The U.S. District Court for the Southern District of New York recently declared unconstitutional New York City’s ban on advertising in vehicles other than exempted taxis. Under the city’s program, medallion and certain other taxis could display advertising, including seat-back television content and advertising, but other for-hire vehicles (“FHVs”), like those used for Lyft and Uber rideshare services could not do the same. Vugo, Inc., a seat-back video advertising company, challenge New York City’s regulations on ground that distinction between taxis and other FHVs violated the First Amendment. On the parties’ cross motions for summary judgment, the district court agreed.
The court reviewed the regulations under Central Hudson’s four-part commercial speech test. Under that test, if the speech regulated is neither false nor unlawful (a component not at issue in this case) and the government can show a substantial interest to justify its regulation, the court then considers whether regulation directly advances the government’s interest and whether it is narrowly drawn and not more extensive than necessary to serve the interest.
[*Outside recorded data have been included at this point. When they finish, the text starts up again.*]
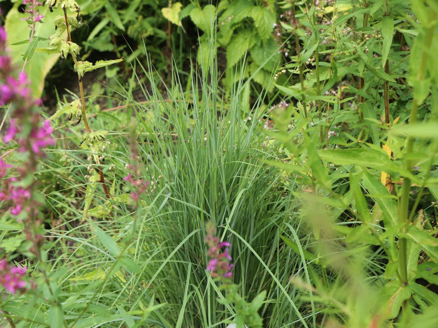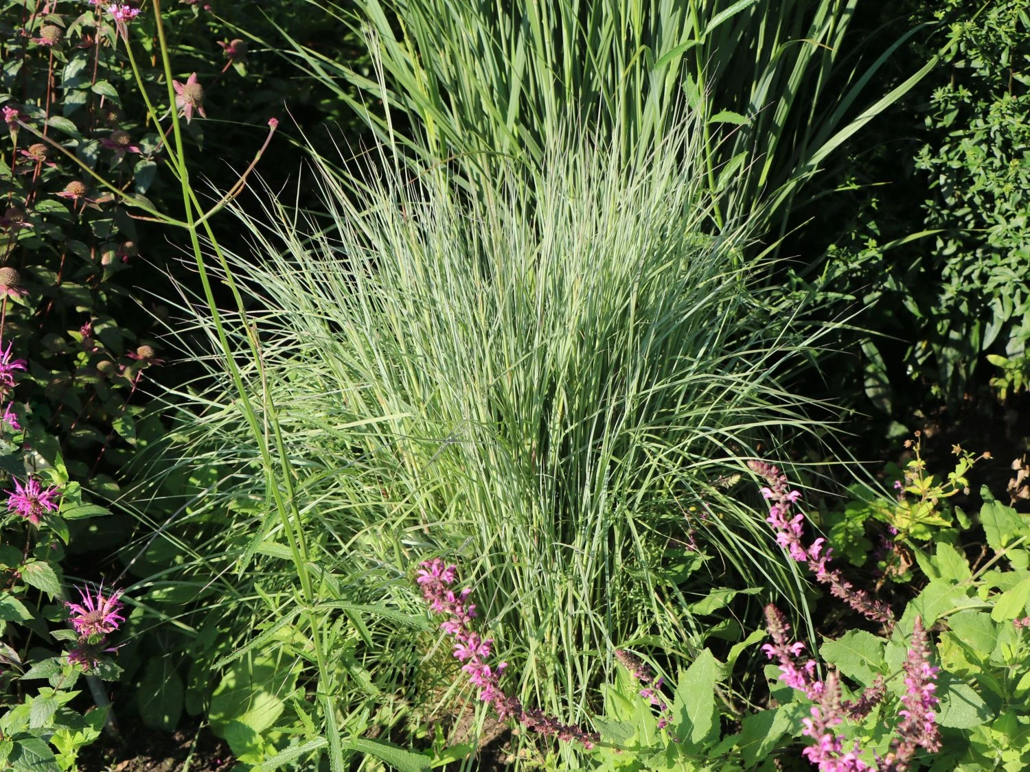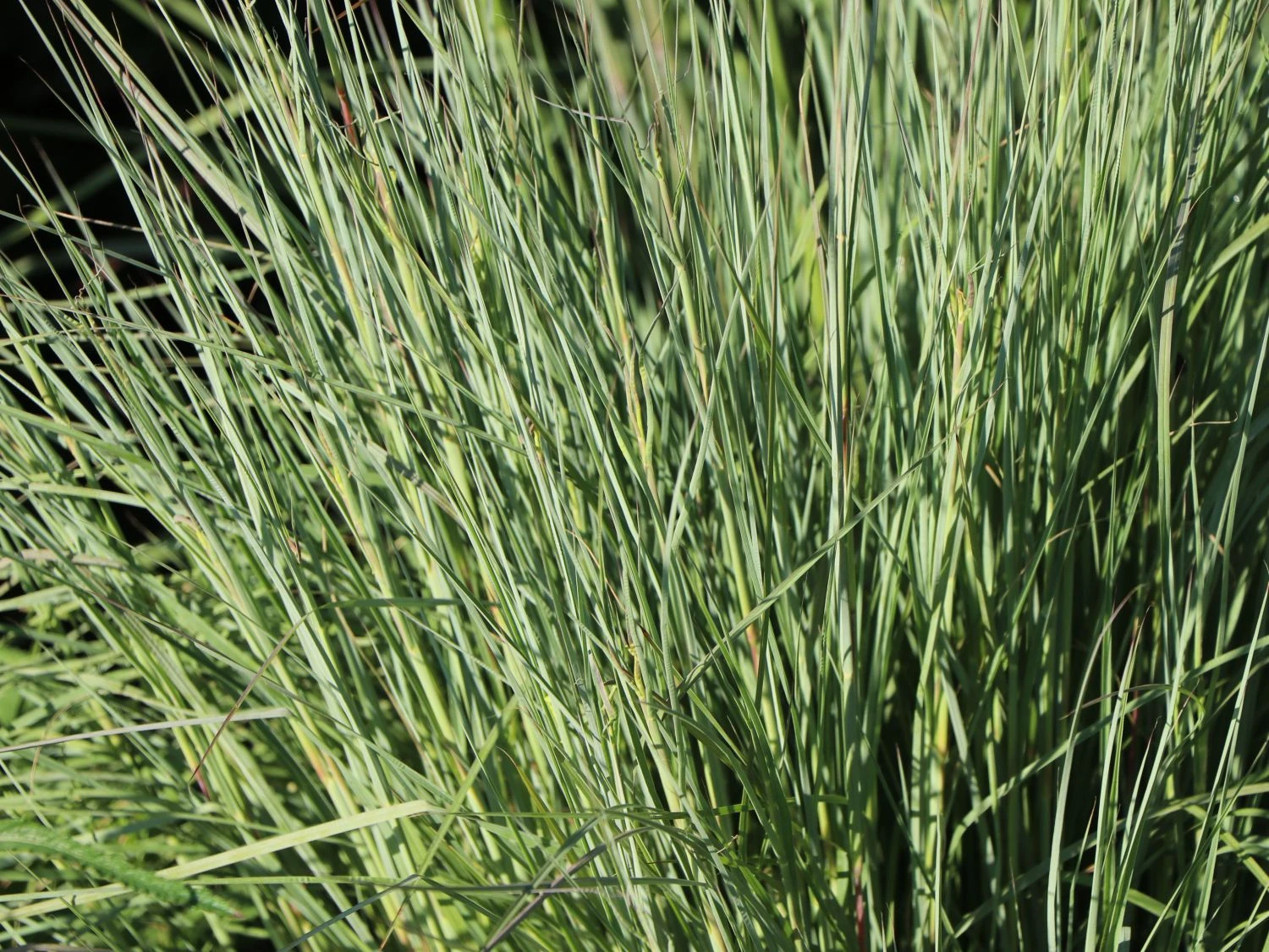 Begeistert betrachtet der Gärtner das Spiel des Windes mit den zierlichen Halmen des Blaugrauen Präriegrases ‚Prairie Blues‘. Beinahe besinnlich wirkt dieser Anblick und verleiht dem Lieblingsplatz im Garten Ruhe. Das grasartige, dünne und spitze Blatt der Pflanze zeigt sich in einer schönen graugrünen bis blaugrünen Farbe. Im Herbst färbt sich das prächtige Schizachyrium scoparium ‚Prairie Blues‘ in orangene Töne und setzt warme Farbtupfer in die Szenerie. Eindrucksvoll ist nicht nur die Farbe, auch der aufrechte, horstbildende Wuchs überzeugt mit einer Höhe von bis zu 60 Zentimetern. Dabei sind die einzelnen grasähnlichen Halme ab einer gewissen Höhe teilweise überhängend. Zur Blütezeit erreicht das Gras gar eine Wuchshöhe von einem Meter. Dann recken sich die großen Blütenrispen nach oben und vervollkommnen die harmonische Optik der mehrjährigen Staude. Von September bis Oktober komplettieren die bräunlich-gelben Blütenstände als Bild. Sie setzen sich vom Blatthorst der Pflanze ab und wirken so leicht, dass der Eindruck entsteht, der Wind trägt sie. Am Wogen der Staude erfreut sich der Pflanzenfreund in besonderem Maße, wenn er sie auf einer Freifläche inszeniert.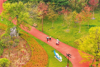 10月27日,市民在山东省荣成市桑干河植物园内一处“口袋公园”游玩(无人机照片)。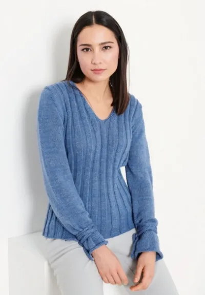 Вам потребуется: 350 (400) 450 г ярко-синей пряжи Lana Grossa «Slow Wool Lino» (85% мериносовой шерсти, 15% льна; 400 м/100 г); спицы № 3,5; 2 чулочные спицы № 3,5; круговые спицы № 3,5.

On the second prong, the court agreed with New York City that its interest in regulating vehicle advertisements as annoyances to passengers was substantial—but beyond that point the city’s arguments fared worse. Most problematic for the court was the city’s justification for allowing advertising in taxis but not other FHVs: that the advertisements allowed operators to offset the cost of expensive ride- and fare-monitoring equipment the city required taxis to maintain. That justification for the distinction shared no relationship to the city’s concerns about passenger annoyances, however. That is, the advertisement were equally annoying irrespective of whether they helped offset other costs. And because the taxi exemption allowed advertising for more than 370,000 daily trips, the court doubted its ability to advance the city’s aesthetic interests.
The court also found the exemption lacking with respect to Central Hudson’s fourth prong. Though it noted that commercial speech test does not require cities to employ the least restrictive means to achieve their goals, it concluded New York City’s outright prohibition on advertising in FHV was far too broad.
The court’s suggested alternative: just let passengers turn the ads off.